During LGBT Pride Month and every other time of the year, let us praise Bayard Rustin. Rustin was an adviser to Dr. Martin Luther King, an activist and leader who organized the 1963 March on Washington, and left an indelible mark on the Civil Rights Movement. And because he was an openly gay man, he never received his just due, too often pushed to the sidelines of our historical memory.

Committed to peace, and a stalwart antiwar activist, Rustin said his political beliefs were a result of his Quaker upbringing instilled by the grandparents who raised him. The man who said “We need, in every community, a group of angelic troublemakers” was born in West Chester, Pennsylvania, and attended Wilberforce University and Cheyney State Teachers College. He moved to New York in the 1930s and studied at City College.

Rustin resisted the military draft in 1943 based on his religion. “I am a Quaker. And as everyone knows, Quakers, for 300 years, have, on conscientious ground, been against participating in war. I was sentenced to three years in federal prison because I could not religiously and conscientiously accept killing my fellow man,” he said. The proponent of nonviolence who introduced King to Gandhi, Rustin believed that while he should obey the law, he was compelled to follow the will of God when the will of the state conflicted with God.

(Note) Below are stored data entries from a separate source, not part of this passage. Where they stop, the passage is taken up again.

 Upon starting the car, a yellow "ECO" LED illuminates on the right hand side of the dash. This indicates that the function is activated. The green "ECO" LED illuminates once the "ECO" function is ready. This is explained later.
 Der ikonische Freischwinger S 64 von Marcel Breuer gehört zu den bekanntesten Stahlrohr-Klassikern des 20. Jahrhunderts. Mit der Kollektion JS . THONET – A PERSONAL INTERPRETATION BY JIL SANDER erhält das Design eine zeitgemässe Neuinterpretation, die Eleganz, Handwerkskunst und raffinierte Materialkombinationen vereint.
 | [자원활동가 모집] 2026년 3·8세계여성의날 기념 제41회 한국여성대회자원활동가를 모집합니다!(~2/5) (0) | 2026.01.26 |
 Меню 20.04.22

A Black labor organizer ahead of his time, Bayard Rustin understood the crucial link between, racial and economic justice, something which we take for granted today. For example, among his mentors was A. Philip Randolph of the Brotherhood of Sleeping Car Porters. Rustin was also involved with Dr. King in the Montgomery Bus Boycott of 1955 and 1956. Further, it is worth noting the iconic 1963 March on Washington was known as the “March for Jobs and Freedom” - as Rustin realized Black people would not find freedom and racial equality under a sluggish economy with no good jobs.

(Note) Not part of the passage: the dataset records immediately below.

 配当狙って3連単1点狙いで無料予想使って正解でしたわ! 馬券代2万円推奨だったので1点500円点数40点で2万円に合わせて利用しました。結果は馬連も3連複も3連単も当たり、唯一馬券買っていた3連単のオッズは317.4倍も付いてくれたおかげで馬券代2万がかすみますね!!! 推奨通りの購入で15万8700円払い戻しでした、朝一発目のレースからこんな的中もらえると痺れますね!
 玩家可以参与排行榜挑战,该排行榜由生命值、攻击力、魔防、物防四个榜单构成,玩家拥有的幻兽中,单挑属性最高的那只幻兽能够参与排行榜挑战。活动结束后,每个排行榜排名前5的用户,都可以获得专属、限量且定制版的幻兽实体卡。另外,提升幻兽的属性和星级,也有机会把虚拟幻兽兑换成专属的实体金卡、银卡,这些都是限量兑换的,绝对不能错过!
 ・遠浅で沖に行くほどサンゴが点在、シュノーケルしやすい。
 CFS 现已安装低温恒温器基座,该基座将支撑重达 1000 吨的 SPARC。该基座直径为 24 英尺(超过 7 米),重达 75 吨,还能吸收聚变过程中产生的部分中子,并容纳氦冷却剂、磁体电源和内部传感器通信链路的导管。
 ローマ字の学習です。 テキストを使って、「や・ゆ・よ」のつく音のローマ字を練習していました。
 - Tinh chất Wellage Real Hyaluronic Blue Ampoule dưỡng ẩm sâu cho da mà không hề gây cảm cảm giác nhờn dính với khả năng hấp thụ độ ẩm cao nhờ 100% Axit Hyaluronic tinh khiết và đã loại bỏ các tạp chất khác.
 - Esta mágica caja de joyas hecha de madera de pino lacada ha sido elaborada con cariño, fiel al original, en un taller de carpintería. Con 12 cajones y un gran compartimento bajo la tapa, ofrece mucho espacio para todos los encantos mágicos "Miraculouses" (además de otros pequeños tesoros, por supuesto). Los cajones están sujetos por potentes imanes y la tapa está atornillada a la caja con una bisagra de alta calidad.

In addition, Rustin appreciated intersectionality before the term existed, and worked on a variety of civil and human rights causes during his lifetime. After all, he understood that no one is safe from intolerance as long as some people are still subjected to such treatment. While he was instrumental in forming King’s Southern Christian Leadership Conference, some civil rights leaders did not appreciate his presence, and wanted King to fire him because he was a gay man.

In the age of Black Lives Matter - when so much is thrown at the Black community and it is easy for activists to give up hope, burn out or become overwhelmed - we should remember Rustin’s plea that we never allow injustice to destroy us, even as we let injustice enrage us.

Bayard Rustin once said: “The real radical is that person who has a vision of equality and is willing to do those things that will bring reality closer to that vision.” Rustin had that vision matched with action, which made us better off for it.





David A. Love, JD - Serves

BlackCommentator.com as Executive

Editor. He is a journalist, commentator,

human rights advocate, a Professor at

the Rutgers University School of

Communication and Information based in

Philadelphia, a contributor to Four

Hundred Souls: A Community History of

African America, 1619-2019, The

Washington Post, theGrio,

AtlantaBlackStar, The Progressive,

CNN.com, Morpheus, NewsWorks and

The Huffington Post. He also blogs at

davidalove.com. Contact Mr. Love and

BC.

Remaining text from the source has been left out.